Mohammad Reza Hakimi sangat menekankan perbedaan antara filsafat dan mistisisme dan keyakinan agama. Menurut penjelasan yang bijak dari ketiganya, ada cara yang berbeda dalam sistem kognisi manusia dan filsafat dan mistisisme tidak dapat menggantikan kognisi agama. Hakimi menciptakan istilah "alasan agama berbasis diri" untuk menjelaskan sekolah segregasi. Dia mengacu pada intelek agama berbasis diri sendiri, yang dia anggap sebagai yang tertinggi dari tujuh tahap intelek, intelek yang dibayangi oleh wahyu dan membandingkan temuannya dengan ajarannya.

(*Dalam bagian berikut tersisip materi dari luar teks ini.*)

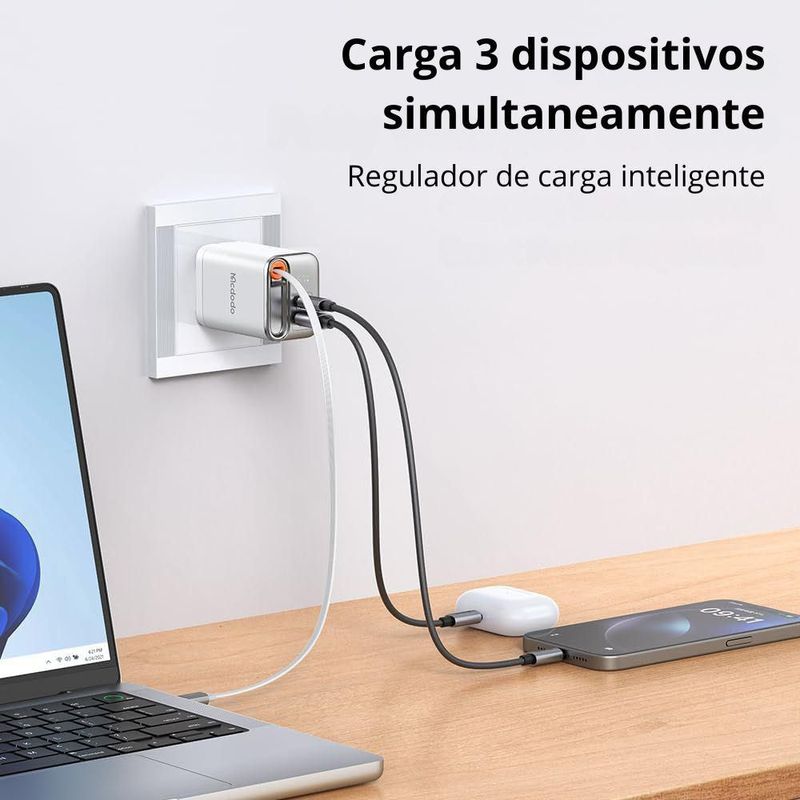 TelefoníaAccesorios para celularesCargadoresCargador GaN 67W 3 en 1 Mcdodo Con cable retractable USB-C

Profesor Hakimi seorang mujtahid, seorang sarjana, ahli bahasa, leksikografer, penulis, peneliti, bibliografi dan, yang paling penting, seorang "pencari keadilan". Sifat terakhir ini menyebabkan dia meninggalkan segala sesuatu yang orang lain cari dan terlibat dalam pekerjaan intelektual dan penelitian di sudut selatan kota, bersama dengan lapisan masyarakat terendah. Dalam hiruk-pikuk revolusi dan sesudahnya, dia tetap diam dan bermartabat, dan dia tidak merindukan posisi atau mencari gelar. Dia bahkan tidak menerima hadiah biasa dan tetap berpegang pada apa yang dia tulis dan katakan. Dalam kehidupan pribadinya, Mohammad Reza Hakimi adalah simbol kemuliaan kepuasan dan harga diri.

Dia adalah keturunan ulama sejati dan cendikiawan sejati dari wilayah ini, yang hidupnya penuh berkah, menggunakan bahasa dan pena dalam pelayanan menghidupkan kembali kebajikan dan keadilan. Dia adalah salah satu pelopor pemahaman dan modernisasi ajaran Ahlul Bait (as). Untuk dapat mengambil konsep-konsep yang memberi hidup dan mencerahkan dari perspektif baru dan menyajikannya dalam format baru.

 

Rahbar atau Pemimpin Besar Revolusi Islam Iran, Ayatullah Khamenei di pesannya mengucapkan belasungkawa atas wafatnya ulama dan cendikiawan besar Iran ini. Di pesan tersebut, Rahbar mengatakan, “Saya menerima berita menyedihkan atas wafatnya ulama dan pemikir besar, Mohammad-Reza Hakimi. Dia adalah seorang ilmuwan yang komprehensif, master sastra, pemikir inovatif, dan pembela keadilan. Dia menghabiskan hidupnya untuk melayani ajaran tinggi Al-Qur'an dan Sunnah, bebas dari belenggu materi, dan meninggalkan karya-karya berharga. Mengambil keuntungan dari kehadiran anggun dan kehangatan para ahli ulama dan spiritualitas di kota suci Mashhad, cadangan kepercayaan dan pengabdian dan kekayaan jiwa telah ditinggalkan di hati dan jiwa karakter tersayang ini yang akan memperkuatnya untuk masa depan dengan berkahnya hingga sisa hidupnya.”